In the simplest case, TPIS serves as a download site for specialized
software. At present we are offering software that performs HLA matching
using the CREG approach and written within our group, and we are also
offering telepathology software on a contractual basis. A second approach
uses Java applets to perform medical calculations, allowing the user
to perform calculations directly through the web browser. We have integrated
five separate formulas that calculate creatinine clearance based on different
clinical variables and offer all of these within our site. Similar calculations
can be performed for determination of hepatic iron index. Finally, we
are developing webware, based on the ImageJ applet from the NIH that
allows the pathologist to perform problem-directed image analysis such
as area measurement or nuclear counting directly through the browser. The
creation of such small, easy to use modules will not only offer additional
tools to the practicing pathologist but will serve to enhance image interpretation
and offer a new standard of practice for anatomic pathology.

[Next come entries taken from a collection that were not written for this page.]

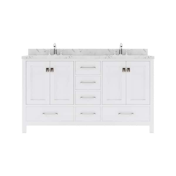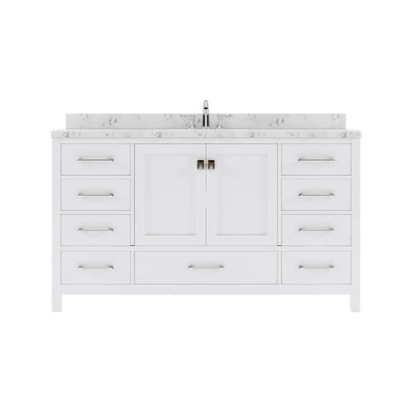 Caroline Avenue 60 in. W x 22 in. D x 35 in. H Single Sink Bath Vanity in White with Quartz Top
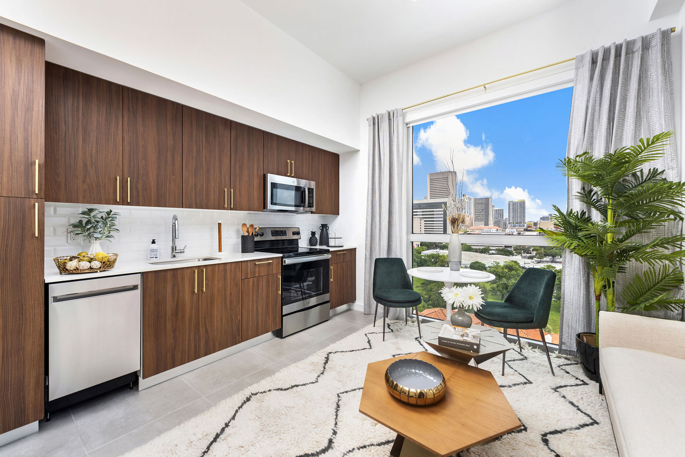 Grand Central sits two blocks west of the Metro-Mover, Metrorail, and Brightline Station and is adjacent to I-95, providing excellent visibility and access up the coast. Located just three blocks west of the mixed-use Miami World Center luxury master development, residents are within walking distance of high-end F&B and entertainment amenities and are just a five-minute drive from Wynwood, Design District, Midtown, the Health District, and Brickell, and less than 15 minutes from Miami International Airport.
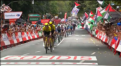 17h 11 - à 16 km Il n'y aura pas de vainqueur d'étape aujourd'hui à cause de manifestants sur la ligne d'arrivée qui créent des incidents, la Guardia civil est là mais la course risque d'être gelée au stade de l'alto de Pique
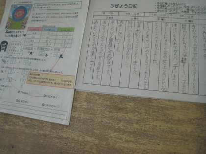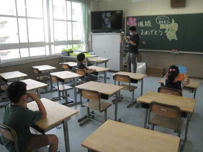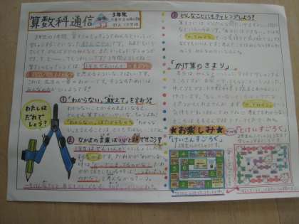 このクラスは、子どもたちの自己紹介ビデオメッセージを見る所です。プリントをおいてある棚には、楽しそうな「算数科通信」がありました。3年生では3行日記も取組みます。
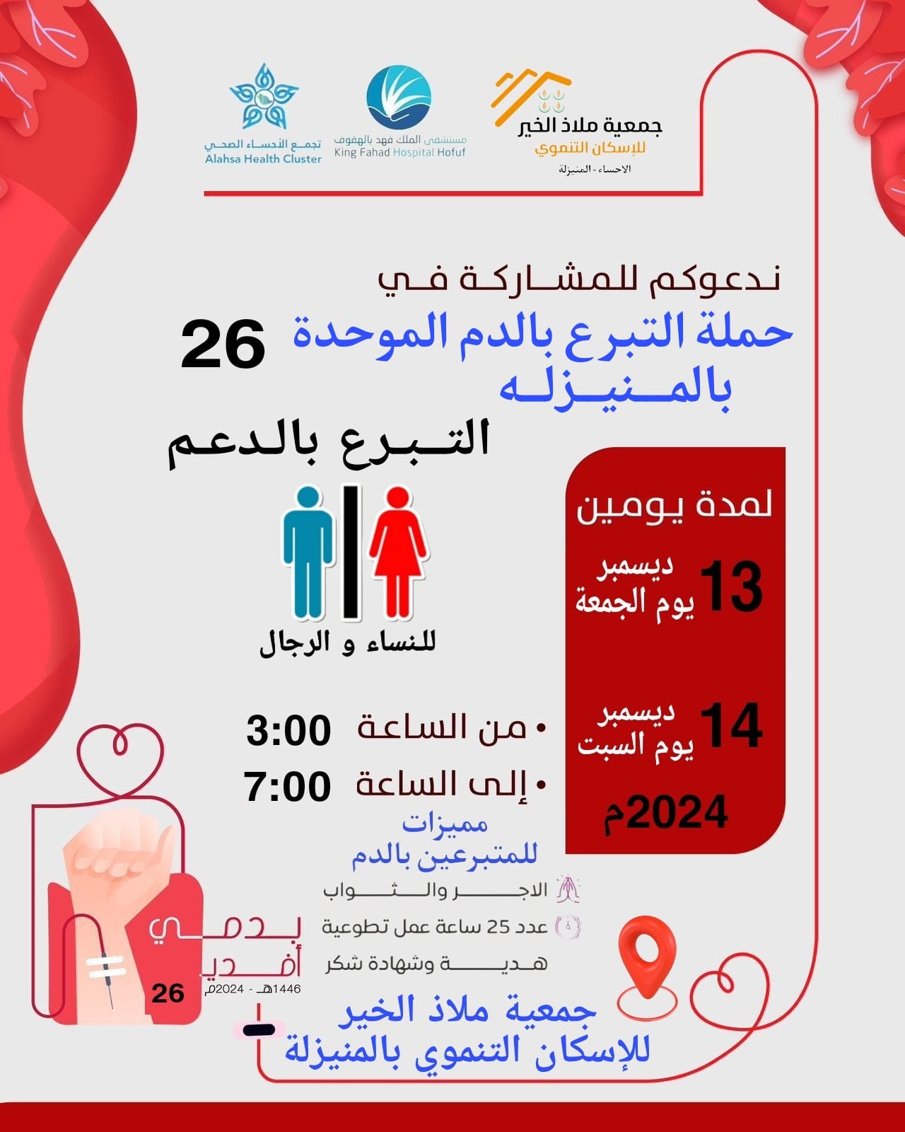 أعلنت جمعية “ملاذ الخير للإسكان التنموي” بالشراكة مع مستشفى الملك فهد بالهفوف وتجمع الأحساء الصحي، عن إطلاق حملة التبرع بالدم الموحدة (26) في المنيزلة، وذلك يومي الجمعة والسبت الموافقين 13 و14 ديسمبر 2024، من الساعة 3:00 عصرًا حتى 7:00 مساءً، “للرجال والنساء”
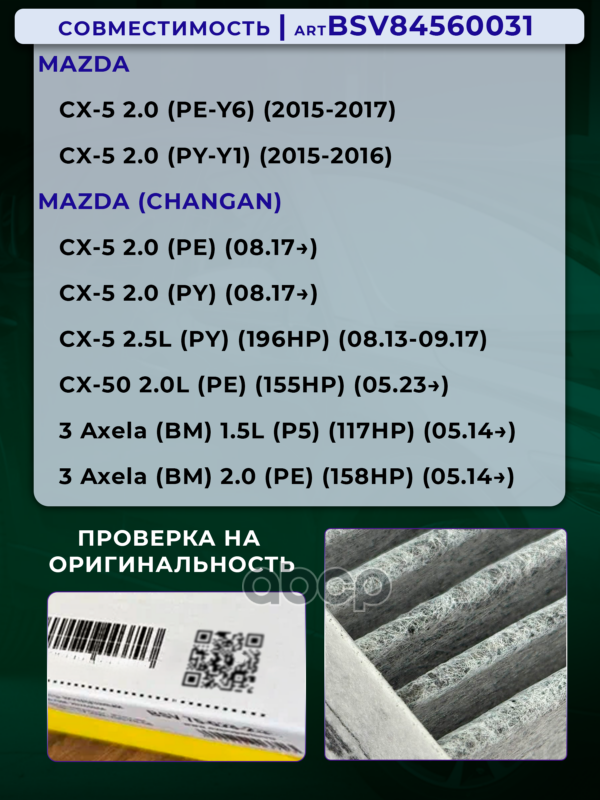Купить запчасть BSV84560031 Фильтр салонный PRO увеличенный ресурс MAZDA CX- с доставкой по России.
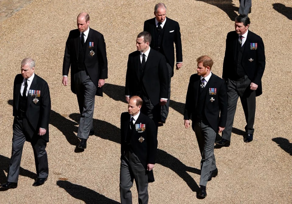 Την ίδια ώρα οι εγγονοί του πρίγκιπα Φιλίππου, πρίγκιπες Γουίλιαμ και Χάρι, ακολουθούσαν το φέρετρο του παππού τους, αλλά δεν κάθονταν δίπλα δίπλα. Ανάμεσά τους περπατούσε ένας εξάδελφός τους.
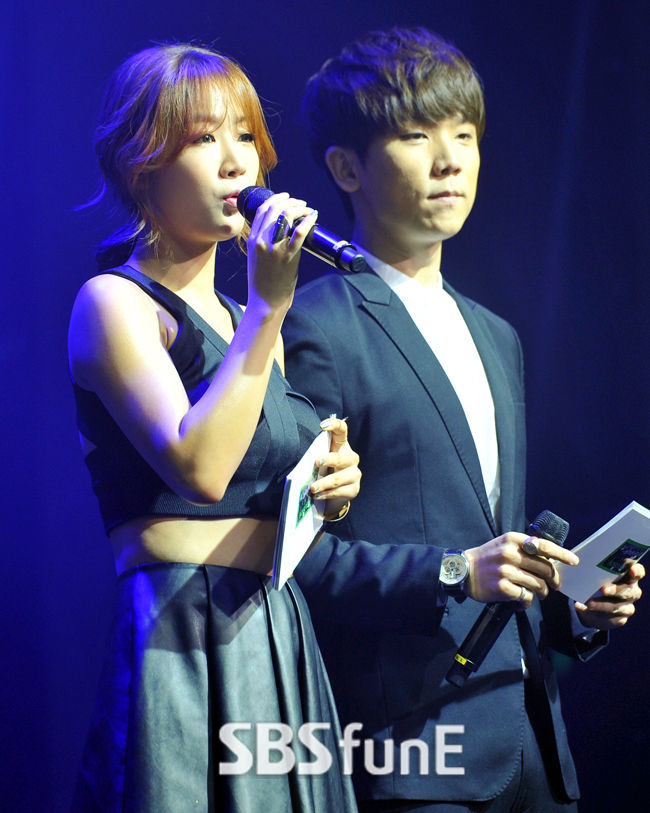 [SBS연예뉴스 | 김현철 기자] MC 소유-정기고가 9일 오전 서울 광진구 광장동 악스코리아에서 열린 보이프렌드 'OBSESSION PREMIERE SHOWCASE'에서 사회를 보고 있다.
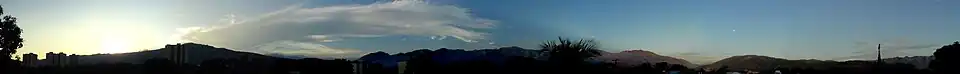 The Naguanagua (Spanish pronunciation: [naɣwaˈnaɣwa]) municipality is one of the 14 municipalities (municipios) that makes up the Venezuelan state of Carabobo and, according to the 2011 census by the National Institute of Statistics of Venezuela, the municipality has a population of 157,437.[1] The town of Naguanagua is the shire town of the Naguanagua Municipality.[2] It forms part of the greater Valencia Metropolitan Area in Venezuela. It is in the valley of the Cabriales River at the base of Cerro El Café and the El Trigal Mountain. Valencia and Naguanagua form a continuous urban area. The highway that runs from the centre of Valencia towards Puerto Cabello passes through this community; Bolivar Avenue in Valencia becomes University Avenue in Naguanagua on the northern side of a traffic roundabout, or redoma.
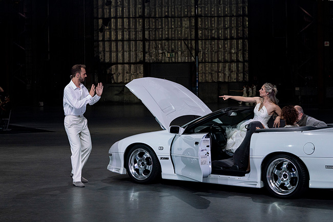 Susanna herkent in haar Figaro niet langer de man die ze had getrouwd. Niet meer op zijn ponteneur staan zoals vroeger, maar met iedereen meepraten in zijn nieuwe barbershop. Ze wijst hem af, laat zich verleiden door een klant, Herr von Cherubin, (Erik Slik) die haar vervolgens een baan als serveerster geeft in zijn nachtclub. Die scène wordt aangegrepen voor een spetterende act van mezzo sopraan Jony Overdijk als geoefend paaldanseres.
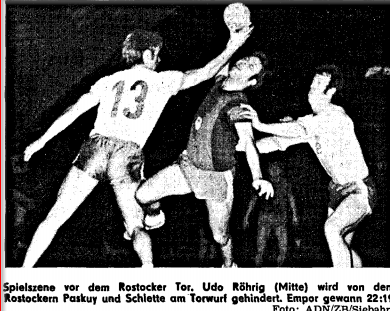 ZitatDie Magdeburger konnten in diesem Spitzenspiel nur auf ein erfolgreich gestaltetes Duell verweisen: Heinz Flacke warf mit neun Toren eins mehr als der beste Rostocker, Kapitän Rainer Ganschow.
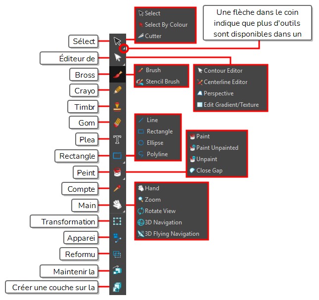 The Tools toolbar contains the main tools you need to work in Storyboard Pro. In the default workspace, this toolbar located on the left edge of the application window.
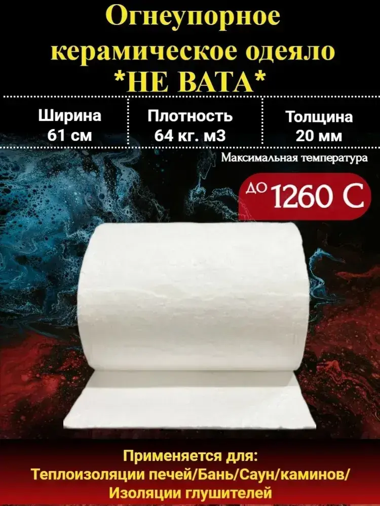 Огнеупорное керамическое одеяло 1260 градусов толщина 19 мм плотность 64 кг на куб длина 0,5 м для печей и дымоходов

In the last year, TPIS received 4,607,135 hits with an average of 12,622
(or 3501) pages viewed per day, transferring 108.116 gigabytes of data.
Definitive and freely available information-rich sites such as TPIS are
likely to become powerful voices in molding the practice of pathology
in the immediate future. We are presently upgrading our case database
to allow selection based upon individual Banff criteria of rejection. This
will provide the foundation for a novel and powerful teaching tool.